La « matière » tragique de l'Italie, Stendhal l'exploite en virtuose de la réécriture, dans ses récits de voyages, avec d'innombrables variations sur le thème de la violence et de la vengeance, comme dans ses nouvelles et ses chroniques, ces histoires d'amour et de sang qu'il affectionne. On lit dans son œuvre une histoire de l'Italie en fonction du « coup de poignard », un éloge ou une célébration esthétique de l'assassinat. L'Italie est la terre de la passion vindicative où le crime est un idiotisme moral. Dans ce pays où l'on assassinerait à tout va, l'offensé n'attend pas une justice trop lente : le « coup de poignard », c'est la justice foudroyante du Moi.
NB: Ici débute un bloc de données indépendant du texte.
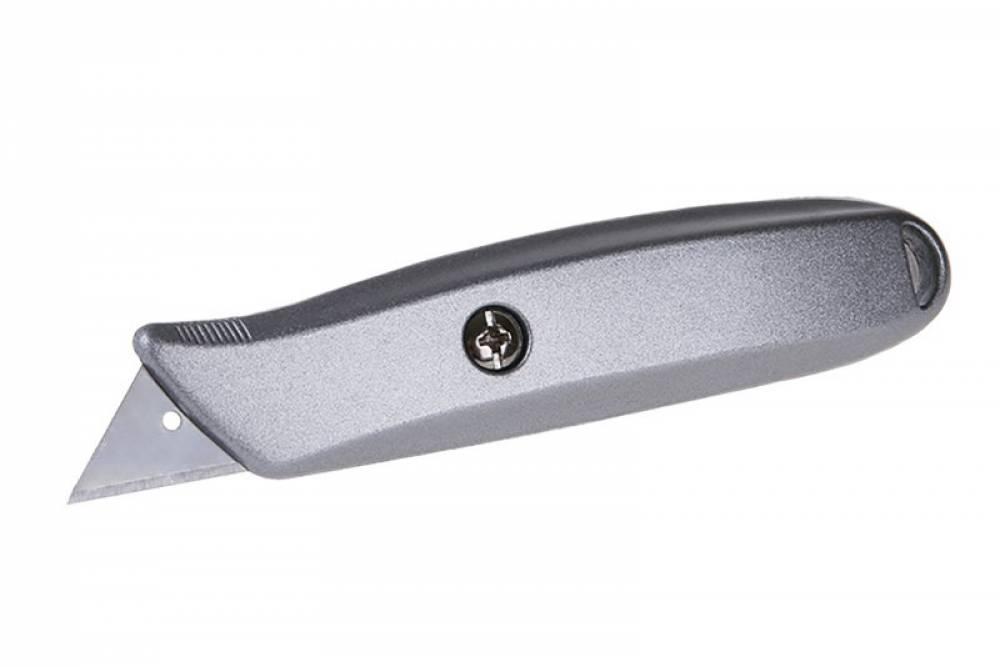 Kovový nôž s pevne uchytenou lichobežníkovou čepeľou, čepeľ uchytená vo vnútri tela noža.

Acte de sensibilité pure et violente, cet acte de justice privée est profondément passionnel. On tue pour les passions et par passion. Cette « matière » d'Italie, on la retrouve dans le « récit tragique » dominé par la figure de l'héroïne. Au roman qui raconte la rencontre de deux cœurs, s'oppose la nouvelle où les amants sont des ennemis que tout sépare. Alors la passion tend au désastre.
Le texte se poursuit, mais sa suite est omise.